ACTRN12614000924651.
鼻高流量(NHF)治疗通过鼻插管输送加热加湿的气体,流速可达 60 升/分钟(升/分钟)。接受 NHF 治疗的患者释放的口腔/鼻腔液体颗粒可能会带来交叉感染的风险,这是治疗 COVID-19 患者的一个潜在问题。
使用两种方案测量健康参与者呼出的液体颗粒:(1)高速摄像成像并在高倍放大下计数呼出的颗粒(6 名参与者)和(2)通过在距滤纸 100 和 500 毫米处测量化学标记物(核黄素-5-单磷酸盐)的沉积量,空气通过滤纸(10 名参与者)。滤纸用 HPLC 进行分析。测试的呼吸条件包括安静(休息)呼吸和剧烈呼吸(这里指的是鼻吸气、自愿咳嗽和自愿打喷嚏)。比较了无支撑(自然)呼吸和 30 和 60 升/分钟的 NHF。
成像:在安静呼吸期间,未记录到无支撑呼吸或 30 升/分钟 NHF 时的颗粒(单个颗粒的检测限为 33 μm)。在 6 名参与者中的 2 名参与者以大约 10%的速度在 60 升/分钟的安静呼吸中检测到颗粒,而不受支持的剧烈呼吸速度更快。无支撑剧烈呼吸释放的颗粒数量最多。与无 NHF 的剧烈呼吸相比,60 升/分钟 NHF 下的剧烈呼吸释放的颗粒数量减少了一半。

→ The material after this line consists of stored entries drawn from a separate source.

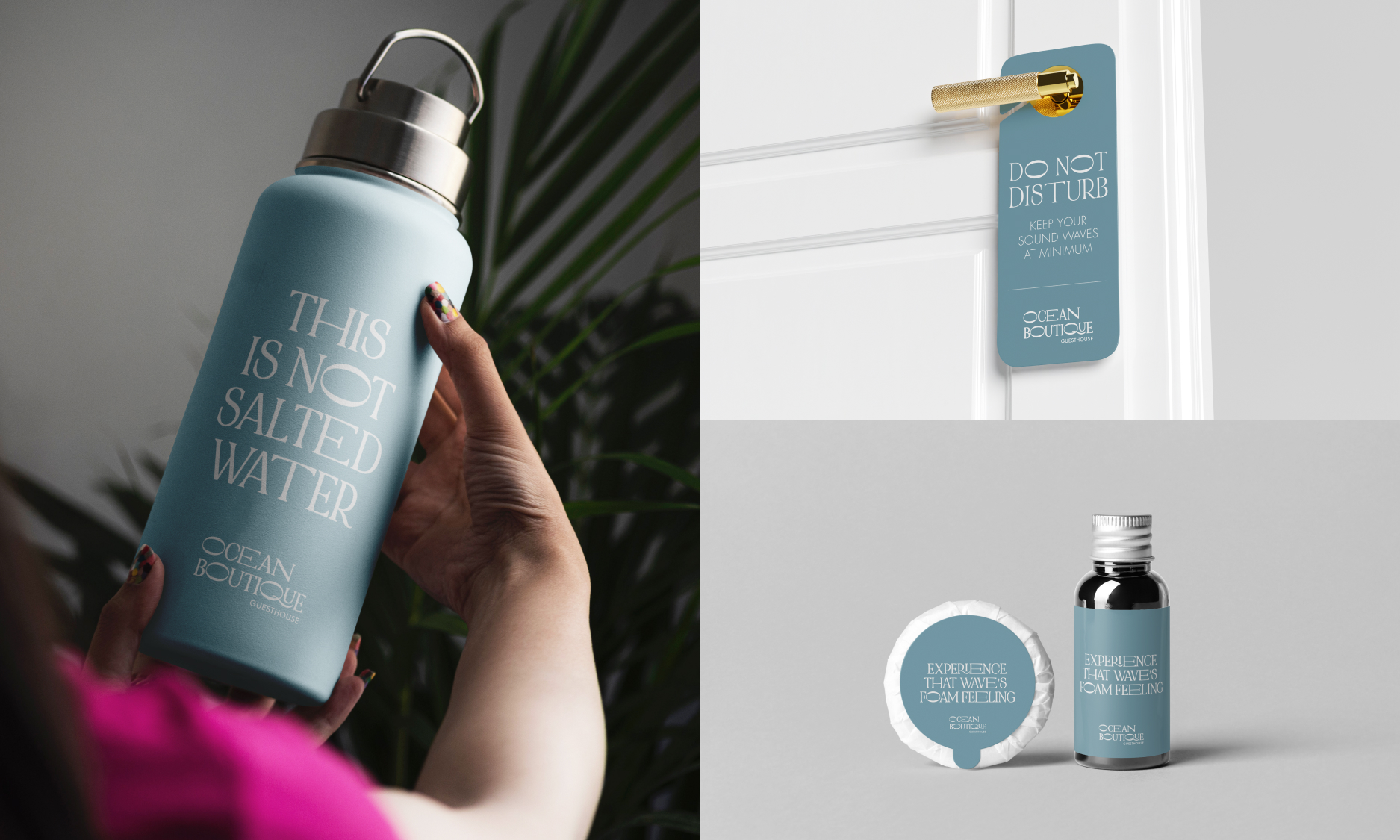 The identity of the Ocean Boutique Guesthouse is not only visual, it is sensorial. Like the sea, it surrounds without imposing. It is a branding that breathes, inviting guests to slow down, to contemplate, and to experience Porto in a unique way.
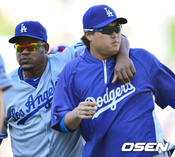 23일 (이하 한국시간) 미국 캘리포니아 샌디에이고 펫코 파크에서 열린 2013 메이저리그 샌디에이고 파드리스와 LA 다저스 경기, 경기를 마치고 후안 유리베와 류현진이 기쁨을 나누며 덕아웃으로 향하고 있다.
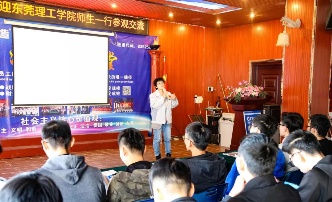 隨后,蔣明華在公司大會(huì)議室向師生們詳細(xì)介紹了公司的發(fā)展歷程、產(chǎn)品特點(diǎn)、核心優(yōu)勢、企業(yè)文化、人力資源、員工晉升通道等方面的概況,并熱忱歡迎東莞理工學(xué)院學(xué)子來公司參觀,更歡迎畢業(yè)的大學(xué)生來公司就業(yè)。
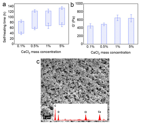 Self-healing of the Alg-IPNG gels at 65 °C: (a) self-healing time; (b) elastic modulus (G’) of the healed gel; and (c) micro-structure of the healed gel.

无 NHF 的安静呼吸中未检测到口腔/鼻腔液体(检测限 0.28 μL/m3)。在 60 升/分钟 NHF 的安静呼吸中,在 29 次安静呼吸测试中的 4 次中检测到少量(不超过 17 μL/m3)。剧烈呼吸释放的液体量是安静呼吸时使用 NHF 的 200-1000 倍。使用 NHF 或不使用 NHF 时,剧烈呼吸释放的液体量相似。
在安静呼吸期间,60 升/分钟的 NHF 治疗可能会导致口腔/鼻腔液体以数十微升/立方米空气的水平作为颗粒释放。剧烈呼吸(鼻吸气、咳嗽或打喷嚏)释放的口腔/鼻腔液体量比安静呼吸多 200 到 1000 倍(两种成像和化学标记方法均 p < 0.001)。在剧烈呼吸时,与无支撑呼吸相比,60 升/分钟 NHF 治疗对释放的口腔/鼻腔液体量没有统计学上的显著差异。与无支撑剧烈呼吸相比,使用 NHF 不会增加传染性气溶胶分散的风险。在处理患有急性呼吸道感染的患者时,应采用标准的感染预防和控制措施,无论患者正在使用哪种呼吸支持,无论使用何种呼吸支持。
ACTRN12614000924651。